# IBEW algebra requirement



## collin.thomas (Apr 14, 2008)

Well you could call them and ask...

The option that you most likely will have is to take an algebra course at a community college. They most likely won't waive the algebra requirement.


----------



## theduke123 (Mar 4, 2009)

I sent them an e-mail yesterday but have not heard back yet. I am going up there on Tuesday to fill out an application (I work second shift and watch my son in the morning so I don't have much free time) and will ask them then. I was just wondering if anybody else has had this issue.
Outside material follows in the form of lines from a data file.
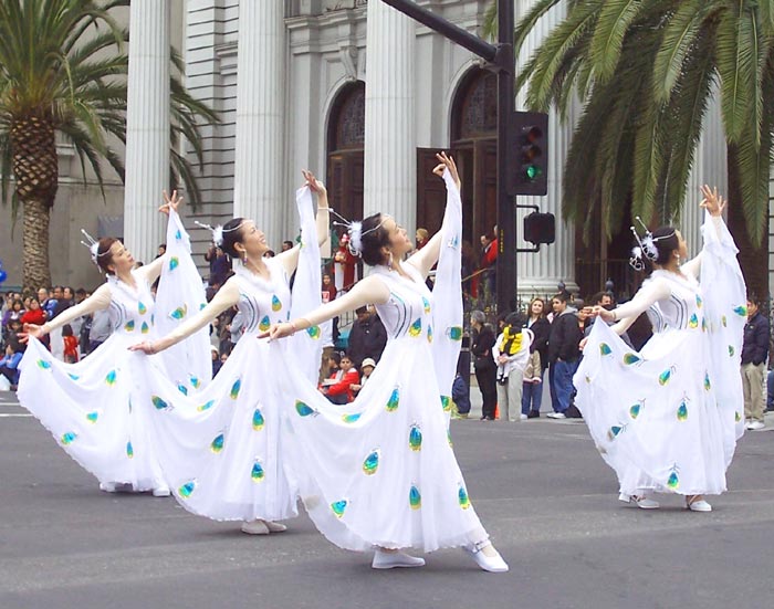 北加州学员应邀参加圣荷西市新年游行再获好评 图为典雅靓丽的孔雀舞蹈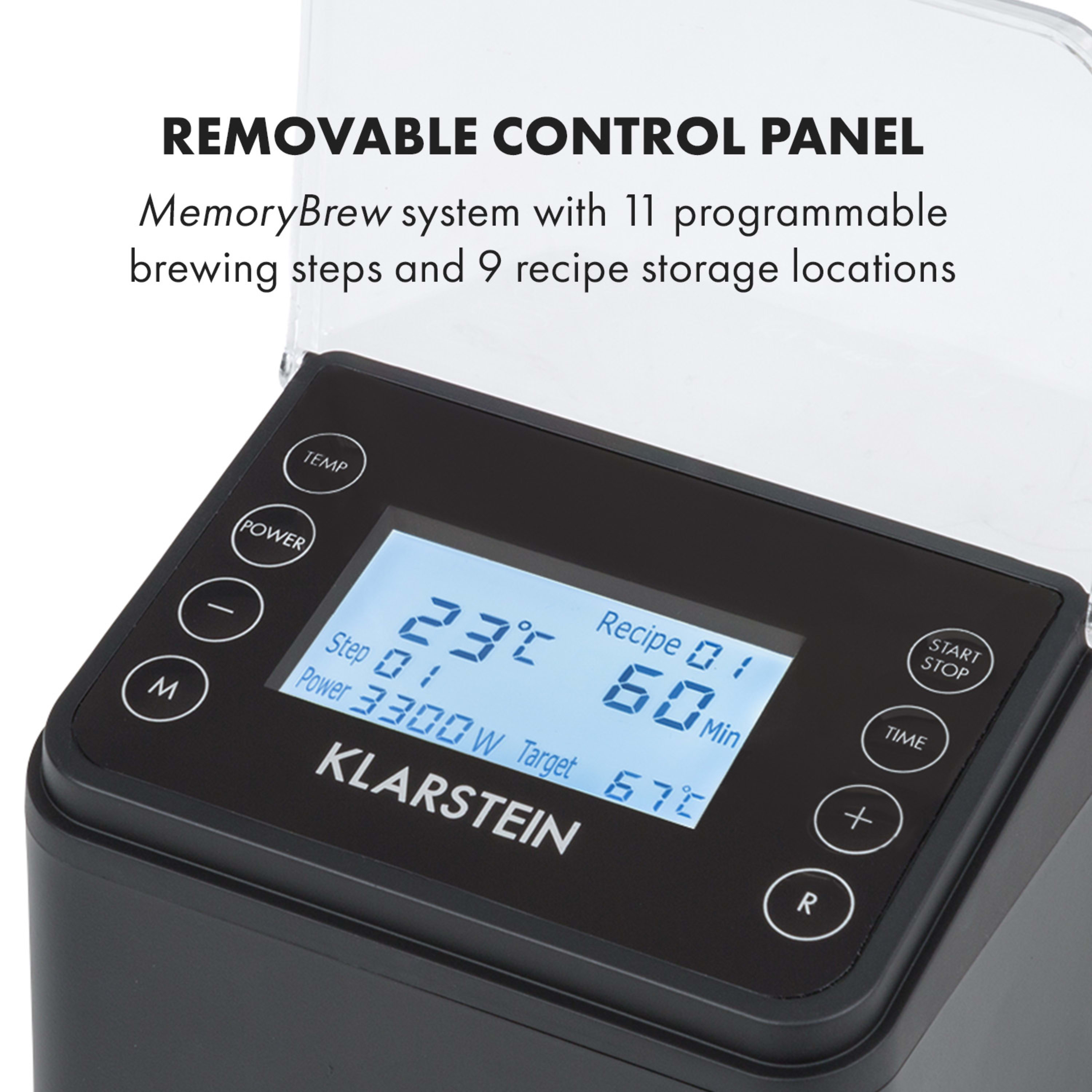 Без значение дали става дума за начинаещ или опитен пивоввар, малцовият котел Klarstein Brauheld Pro предлага лесен начин за приготвяне на бира. Посредством панела за управление с LC дисплей можете да настроите точната температура, времето за приготвяне и мощността. Изключително практична е и системата MemoryBrew. Лесно програмирайте и запазете до 11 стъпки на приготвяне. Гатантират се еднакви резултати и при повече процеси на варене. 9 места за запомняне на рецепти улесняват процеса приготвяне. Тези, които искат да започнат с производтсвото веднафа, могат да използват една от от четирите запазени рецепти за по-слаба и по-силна бира, отлежала силна бира или пшенична бира. Единицата за управление е свързана с котела с помощта на кабел и може да се извади лесно.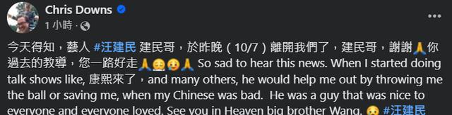 相对于那些年纪稍大的演员或名人离世,汪建民如今才不过56岁。

Thanks for responding. I apologize if this should have been in the introduction forum.


----------



## John Valdes (May 17, 2007)

It may not hurt you as they are going to test you anyway before they bring you on board. Let them know that you did not take algebra in high school, but that you are proficient in algebra. Then study your ass off before the test.


----------



## sparky970 (Mar 19, 2008)

Our requirements state you must have a "C" or better in algebra.


----------



## theduke123 (Mar 4, 2009)

Thanks for the responses. 

I called them today and there is an adult education center here that I can take some algebra courses from that they said would work so I'm going to do that and hopefully I can get my foot in the door.


----------



## Makeitright (Mar 4, 2009)

*Well..*

What if you were an idiot in high school, didn't even give your school work 20% effort, passed with a D in algebra AND advanced algebra , but made an A in geometry? 

I can do math effortlessly but I did NOT score a C in algebra, mostly because I was a stupid teenager, what are my options?


----------



## brian john (Mar 11, 2007)

Hit the local community college and take a few math courses.


----------